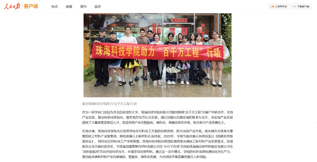 5月12日,人民日报客户端广东频道对珠海市高校联动区镇助力“百千万工程”工作进行了报道,报道中详细介绍我校作为一所学科门类较为齐全的应用型大学,积极引导教师围绕“百千万工程”开展产学研合作,支持产业发展,推动科研成果转化,服务地方经济社会发展。通过加强与共建区域的联系与合作,为区域产业发展提供了大量高素质基层人才,促进传统产业向智能化、绿色化、高端化转型升级,助力新兴产业发展壮大。
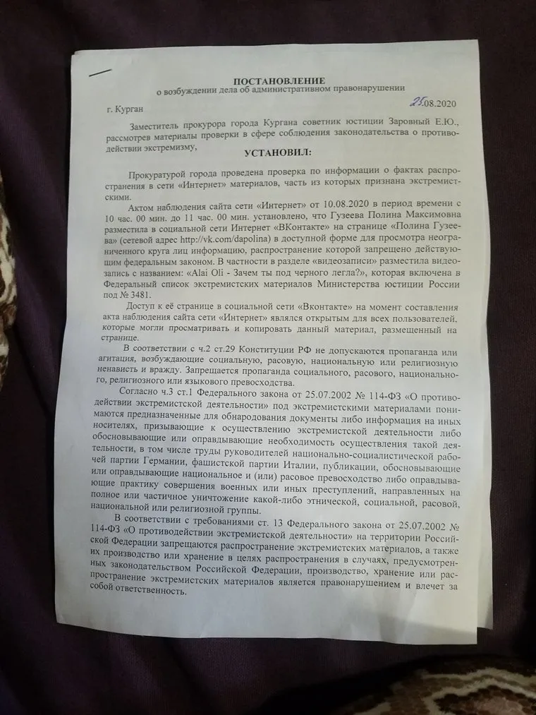 Полина прописана в Екатеринбурге, но работает сейчас в мастерской в Кургане. Там ее и разыскал полицейский 10 августа. «Он сообщил мне, что я являюсь распространителем запрещенных материалов. Что по поиску можно на моей открытой странице найти песню, которая запрещена с 2016 года — клип группы Alai Oli „Зачем ты под черного легла“. А сохранила я ее у себя в хранилище в 2010 году. Это даже не репост, только в хранилище была, и я давно забыла о ней», — говорит Полина Гузеева.
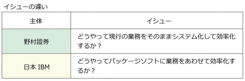 そもそも何がプロジェクトの破綻に効いていたのか、裁判所の判断も分かれるように、主因を特定することは難しい。ただ、そもそもの問題の発端はイシュー(答えるべき問い)の設定が同床異夢だったことにつきるのではないだろうか。両者のイシュー設定を思いっきり単純化すると…
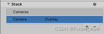 Overlay(叠加):使用了Oveylay的相机会把它渲染出的图形叠加到其他相机之上,使用方法是在主摄像机的Stack部分添加该相机,如下图
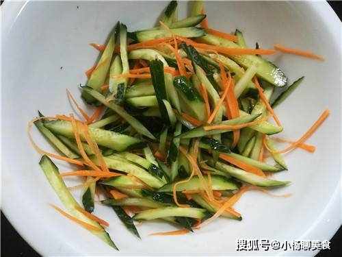 步驟2:拿出黃瓜並且將黃瓜用清水搓洗一下,接著將黃瓜的頭和尾都切掉,然後將黃瓜先切成片,接著將黃瓜改刀切成絲,放在一旁。然後拿出胡蘿蔔,將蘿蔔洗一下,洗乾淨之後就將胡蘿蔔切成絲,並且將胡蘿蔔和黃瓜放在一起,並且在碗中加上一點點鹽拌勻後醃制5分鐘。最後洗上一點蒜,清洗乾淨後切成蒜末。
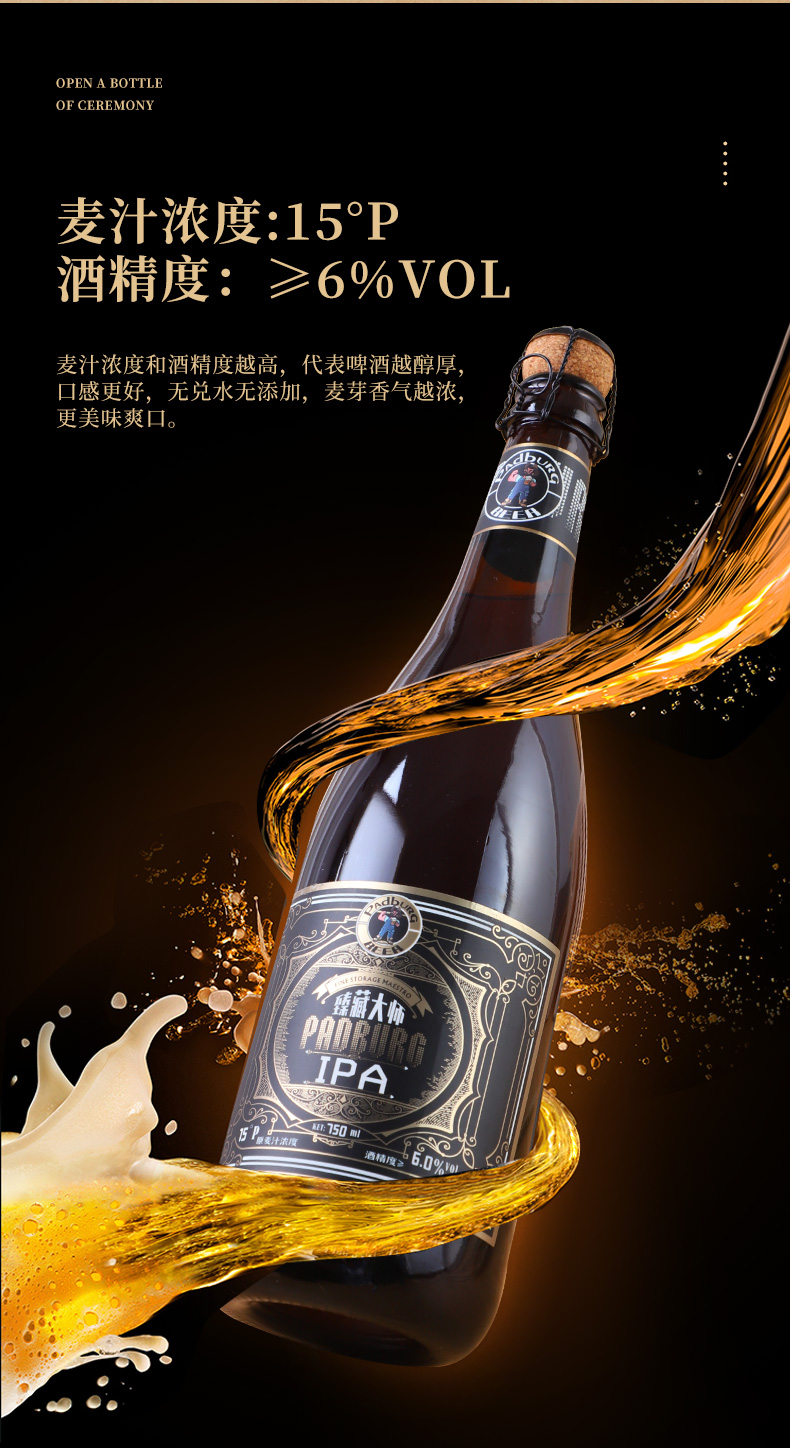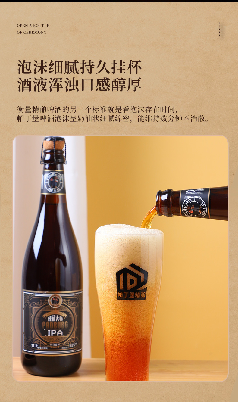帕丁堡精酿IPA德式白啤新品臻藏大师精酿啤酒15°P麦汁浓度 臻藏大师IPA 750mL*1瓶
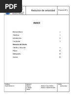 INTRODUCCIN Muchas de las aplicaciones de la vida cotidiana y del rea industrial en general estn vinculadas con la mecnica la cual es de gran importancia en un proceso productivo. En este proceso de bsqueda e investigaciones que satisfagan el diseo y clculos de engranajes rectos, sus mtodos de construccin y fabricacin sean los mas prcticos para poder disear confiablemente una transmisin de velocidades. Tambin el diseo de un reductor implica relacionar muchos aspectos como el dibujo tcnico con clculos de diseo y de resistencia de materiales, la eleccin de materiales segn los parmetros adecuados que aseguren un diseo confiable y seguro, obviamente teniendo en cuenta que un diseo depender de muchos factores relevantes que hacen que el diseador deba tomarlos en cuenta. Es por esto que todos los elementos componentes de una transmisin, como sus ejes, rodamientos, chavetas, engranajes y carcasa deben estar dentro de rangos permisibles de diseo, no por ende realizare una innovaciones en cuanto a la geometra de mis elementos que corresponden a mi dibujo, con el fin de encontrar respuesta a la necesidad que el profesor solicita Para terminar, mencionare que los engranajes (pin y corona) son los que estn expuestos a un esfuerzo muy grande, por ser los encargados de realizar la mayor parte del trabajo de un reductor. Se vern expuestos al contacto de flexin en sus dientes y sern calculados con materiales que cumplan con una adecuada composicin qumica, dureza rockwell y que los tratamientos trmicos aplicados estn dentro del rango de temperaturas adecuado para que de este modo se garantice un diseo confiable y eficiente.
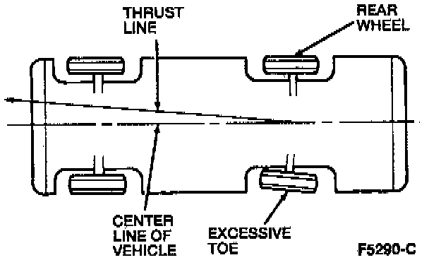 NOTE: The thrust line is the path both rear wheels take as they roll down the road.
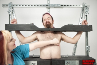 Alice brings her kinky friends for some bondage and a very skillful blow job. SBI is not usually so sexual but now and then a world class blowjob is fun. The classic vertical stocks usually keep a captive unable to enjoy sexual pleasure, but this time sexual assault can't possibly be avoided. Enjoy this very hot video.
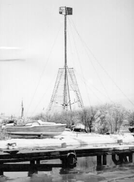 "Lastan" flyttas från sin gamla plats långt upp på land ut på södra hamnarmarna. (Utdrag ur femårsberättelserna 1861-1865). På bilden är Lastan uppställd vid "slipen" på Skrea sidan. Lastan låg ned monterad under några år på 60-talet och in på 70- talet. Den monterades upp på 70- talet ute på området som utfylldes för Vin &Spritcentralens anläggning.
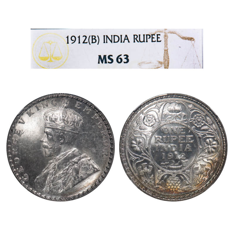 George V, Silver, Rupee, 1912, Bombay Mint, Dot, Re-drawn Elephant with long tusk. F. Prid 218. GK 1026. NGC Slabbed MS 63. Very Rare.
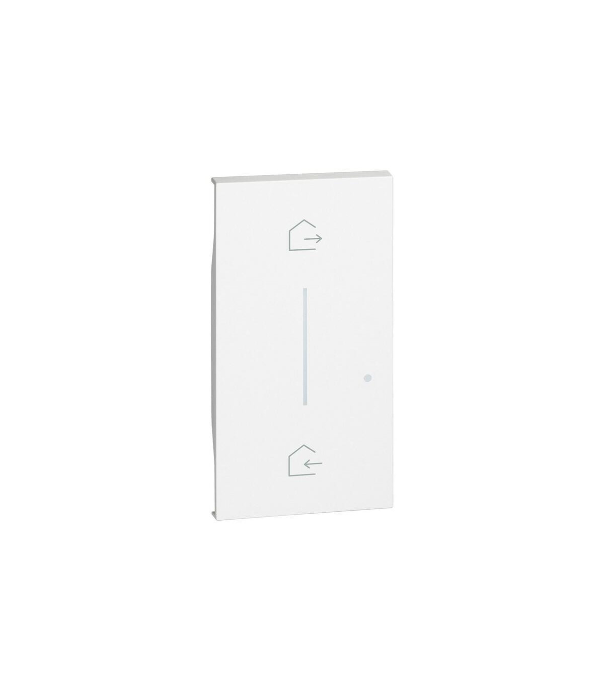 Tecla comando de escenarios inalámbrico Entrar/Salir Living Now with Netatmo. Con 2 módulos. En color blanco. La tecla comando E/S Living Now w/Netatmo 2 módulos de Bticino está diseñada para el control inalámbrico de sistemas de iluminación y automatización en instalaciones residenciales. Permite activar y desactivar circuitos de manera sencilla y eficiente, integrándose con la plataforma Netatmo para ofrecer control inteligente y personalizado desde cualquier punto de la vivienda. Su diseño de 2 módulos facilita la organización y compatibilidad con otros comandos y dispositivos de la serie Living Now.Fabricada con materiales de alta calidad en acabado BL, esta tecla comando proporciona durabilidad y un tacto agradable, garantizando un uso cómodo y seguro. Su instalación es sencilla en cajas estándar y combina funcionalidad y estética moderna, ofreciendo un producto confiable y elegante para mejorar la experiencia de control de la iluminación y otros sistemas eléctricos en el hogar.
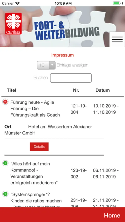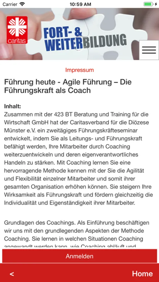 Der DiCV Münster bietet verschiedene Fortbildungen an, um die fachlichen, persönlichen und sozialen Kompetenzen der Mitarbeiter anzusprechen und diese für neue Anforderungen weiterzuentwickeln. Durch die Fortbildungsapp erhalten unsere Mitglieder einen leichten Zugang zu den passenden Fortbildungen. Es ist künftig nicht mehr erforderlich umfangreiche Programmkataloge zu studieren: Ab jetzt kann man auch unterwegs, jederzeit und komfortabel nach dem idealen Angebot suchen, sich über alle Details informieren und sich direkt online anmelden.
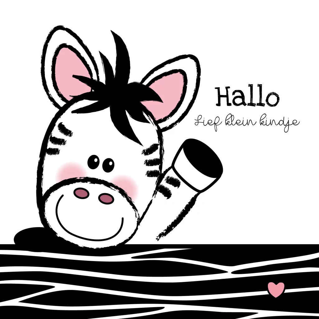 Felicitatie geboorte babykaart met een lieve zebra en een hartje
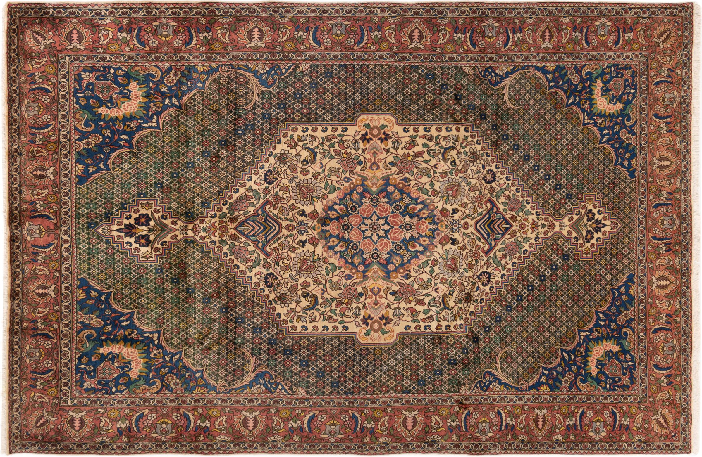 Handgeknüpft wurde dieser Perser-Bakhtiar von Nomaden des Stammes der Bachtiari. Mit den Farben des Orients spielt dieser Perserteppich in schönsten Mustern. Das Design seiner Ornamente ist von persischen Gärten inspiriert. Das sogenannte traditionelle Garden-Design hat über die Jahre hinweg eine hohe Beliebtheit in der westlichen Welt errungen. Seine hohe Knüpfdichte verspricht im Zusammenspiel mit dem kräftigen Garn einen langanhaltenden Genuss persischer Teppichkunst.

━━━━━━━━━━━━━━━━

_What you have to do_. Please return the data above exactly as it stands from the line with "そもそも何がプロジェクトの破" to the line with "步驟2:拿出黃瓜並且將黃瓜用", keeping both of those lines but none of the pictures.

_Answer box_.
 そもそも何がプロジェクトの破綻に効いていたのか、裁判所の判断も分かれるように、主因を特定することは難しい。ただ、そもそもの問題の発端はイシュー(答えるべき問い)の設定が同床異夢だったことにつきるのではないだろうか。両者のイシュー設定を思いっきり単純化すると…
 Overlay(叠加):使用了Oveylay的相机会把它渲染出的图形叠加到其他相机之上,使用方法是在主摄像机的Stack部分添加该相机,如下图
 步驟2:拿出黃瓜並且將黃瓜用清水搓洗一下,接著將黃瓜的頭和尾都切掉,然後將黃瓜先切成片,接著將黃瓜改刀切成絲,放在一旁。然後拿出胡蘿蔔,將蘿蔔洗一下,洗乾淨之後就將胡蘿蔔切成絲,並且將胡蘿蔔和黃瓜放在一起,並且在碗中加上一點點鹽拌勻後醃制5分鐘。最後洗上一點蒜,清洗乾淨後切成蒜末。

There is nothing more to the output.